1. A tube assembly comprising:

a first tubular member formed of a cross-linked polymer, the first tubular member including a plurality of corrugations; and

a second tubular member coaxially receiving the first tubular member, the second tubular member including a plurality of interconnected strands.

2. (canceled)

3. The tube assembly of claim 1, wherein the first tubular member includes cross-linked polyethylene.

4. The tube assembly of claim 1, wherein the first tubular member includes cross-linked polyamide.

5. The tube assembly of claim 1, wherein the plurality of corrugations include ridges and valleys.

6. The tube assembly of claim 5, wherein the ridges are annular.

7. The tube assembly of claim 1, wherein the first tubular member includes a sidewall defining the plurality of corrugations.

8. The tube assembly of claim 7, wherein the plurality of corrugations are ribs.

9. The tube assembly of claim 1, wherein the plurality of corrugations are convoluted.

10. The tube assembly of claim 1, further comprising an end fitting coupling together adjacent ends of the first tubular member and the second tubular member.

11. The tube assembly of claim 10, wherein the end fitting is overmolded around the adjacent ends of the first tubular member and the second tubular member.

12. A tube assembly comprising:

a first tubular member formed of a cross-linked polyethylene, the first tubular member including a sidewall having a plurality of corrugations, and

a second tubular member coaxially receiving the first tubular member.

13. The tube assembly of claim 12, wherein the second tubular member includes a cross-linked polymer.

14. The tube assembly of claim 13, wherein the second tubular member includes cross-linked polyethylene.

15. The tube assembly of claim 13, wherein the second tubular member includes a plurality of stands.
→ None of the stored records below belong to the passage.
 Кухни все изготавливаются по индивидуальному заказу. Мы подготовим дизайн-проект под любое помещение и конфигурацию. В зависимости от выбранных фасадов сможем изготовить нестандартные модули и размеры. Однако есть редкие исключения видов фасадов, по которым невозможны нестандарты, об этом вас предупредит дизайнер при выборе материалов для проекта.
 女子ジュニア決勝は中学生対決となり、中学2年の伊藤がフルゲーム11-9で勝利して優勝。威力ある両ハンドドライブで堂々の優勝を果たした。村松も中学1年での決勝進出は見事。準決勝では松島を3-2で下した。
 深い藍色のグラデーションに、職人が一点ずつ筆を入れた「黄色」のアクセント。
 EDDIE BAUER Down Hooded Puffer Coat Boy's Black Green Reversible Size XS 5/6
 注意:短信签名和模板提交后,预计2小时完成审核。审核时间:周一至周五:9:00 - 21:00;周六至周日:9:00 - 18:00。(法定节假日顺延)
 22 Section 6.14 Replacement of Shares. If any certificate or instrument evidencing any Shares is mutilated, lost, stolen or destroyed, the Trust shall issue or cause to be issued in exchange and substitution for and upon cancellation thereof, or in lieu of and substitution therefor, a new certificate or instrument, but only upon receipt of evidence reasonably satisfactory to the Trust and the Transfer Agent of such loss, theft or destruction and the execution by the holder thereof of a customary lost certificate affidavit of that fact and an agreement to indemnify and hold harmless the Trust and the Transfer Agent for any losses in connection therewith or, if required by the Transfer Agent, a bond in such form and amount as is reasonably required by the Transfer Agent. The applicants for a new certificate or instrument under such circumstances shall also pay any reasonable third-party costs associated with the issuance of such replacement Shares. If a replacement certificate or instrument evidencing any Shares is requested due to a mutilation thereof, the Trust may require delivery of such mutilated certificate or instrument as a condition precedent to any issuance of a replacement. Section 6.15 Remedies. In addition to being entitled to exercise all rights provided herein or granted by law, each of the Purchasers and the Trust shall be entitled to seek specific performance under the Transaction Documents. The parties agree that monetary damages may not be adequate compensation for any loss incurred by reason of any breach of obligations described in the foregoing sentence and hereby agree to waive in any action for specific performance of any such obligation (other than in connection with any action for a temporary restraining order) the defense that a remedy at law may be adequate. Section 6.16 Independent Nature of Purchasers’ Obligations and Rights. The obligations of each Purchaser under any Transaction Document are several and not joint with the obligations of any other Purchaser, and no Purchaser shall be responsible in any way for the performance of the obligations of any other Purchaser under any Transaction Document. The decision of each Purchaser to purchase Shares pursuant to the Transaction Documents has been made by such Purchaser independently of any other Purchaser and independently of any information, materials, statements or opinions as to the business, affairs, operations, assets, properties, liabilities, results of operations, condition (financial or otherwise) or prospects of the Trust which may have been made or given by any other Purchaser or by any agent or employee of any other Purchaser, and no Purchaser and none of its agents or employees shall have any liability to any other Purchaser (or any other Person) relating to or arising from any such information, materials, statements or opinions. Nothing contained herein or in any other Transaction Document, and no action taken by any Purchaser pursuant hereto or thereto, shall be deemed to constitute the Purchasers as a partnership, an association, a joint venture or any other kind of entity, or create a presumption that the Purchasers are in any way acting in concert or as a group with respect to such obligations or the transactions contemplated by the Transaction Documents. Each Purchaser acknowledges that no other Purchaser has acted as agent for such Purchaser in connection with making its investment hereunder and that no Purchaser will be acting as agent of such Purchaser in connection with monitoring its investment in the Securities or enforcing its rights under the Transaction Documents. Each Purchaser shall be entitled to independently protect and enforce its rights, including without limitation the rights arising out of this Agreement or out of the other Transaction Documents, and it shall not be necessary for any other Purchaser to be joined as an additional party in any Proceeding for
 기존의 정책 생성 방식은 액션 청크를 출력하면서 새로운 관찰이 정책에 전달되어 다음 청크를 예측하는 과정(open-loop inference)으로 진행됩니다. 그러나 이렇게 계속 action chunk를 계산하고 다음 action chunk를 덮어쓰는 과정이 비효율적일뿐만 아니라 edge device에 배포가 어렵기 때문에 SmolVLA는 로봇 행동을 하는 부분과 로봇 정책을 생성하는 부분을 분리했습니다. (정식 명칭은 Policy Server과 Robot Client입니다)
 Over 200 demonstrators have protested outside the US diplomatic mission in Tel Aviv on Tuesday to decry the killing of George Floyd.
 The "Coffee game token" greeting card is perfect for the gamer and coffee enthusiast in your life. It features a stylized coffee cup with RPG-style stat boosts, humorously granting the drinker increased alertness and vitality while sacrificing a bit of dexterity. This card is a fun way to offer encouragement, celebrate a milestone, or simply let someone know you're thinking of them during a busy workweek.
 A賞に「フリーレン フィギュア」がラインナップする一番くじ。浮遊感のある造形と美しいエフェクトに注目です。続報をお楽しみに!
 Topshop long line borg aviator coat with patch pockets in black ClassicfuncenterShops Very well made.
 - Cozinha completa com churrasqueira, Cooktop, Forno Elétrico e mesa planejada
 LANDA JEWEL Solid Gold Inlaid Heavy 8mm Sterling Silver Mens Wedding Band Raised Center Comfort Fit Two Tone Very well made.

16. The tube assembly of claim 15, wherein the plurality of strands are woven together to form a braid.

17. The tube assembly of claim 12, further comprising an end fitting coupling together adjacent ends of the first tubular member and the second tubular member.

18. The tube assembly of claim 17, wherein the end fitting is overmolded around the adjacent ends of the first tubular member and the second tubular member.

19. A tube assembly for use with a faucet, the tube assembly comprising:

an inner tubular member extending between opposing first and second ends and formed of a cross-linked polyethylene, the inner tubular member including a sidewall having a plurality of corrugations,

an outer tubular member extending between opposing first and second ends and receiving the inner tubular member, the outer tubular member including a plurality of cross-linked polyethylene strands, the strands being interwoven; and

an end fitting overmolded around the first end of the inner tubular member and the first end of the outer tubular member.

20. A faucet assembly comprising:

a water outlet;

a valve fluidly coupled to the water outlet;

a tube assembly fluidly coupling the valve to a water supply line, the tube assembly including a first tubular member formed of a cross-linked polyethylene and including a sidewall having a plurality of corrugations, and a second tubular member co-axially receiving the first tubular member.

21. The faucet assembly of claim 20, wherein the second tubular member includes a cross-linked polymer.

22. The faucet assembly of claim 20, further comprising an end fitting coupling together adjacent ends of the first tubular member and the second tubular member.

23. The faucet assembly of claim 20, wherein the end fitting is overmolded around the adjacent ends of the first tubular member and the second tubular member.

24. The faucet assembly of claim 20, wherein the outlet comprises at least one of a delivery spout and a side spray.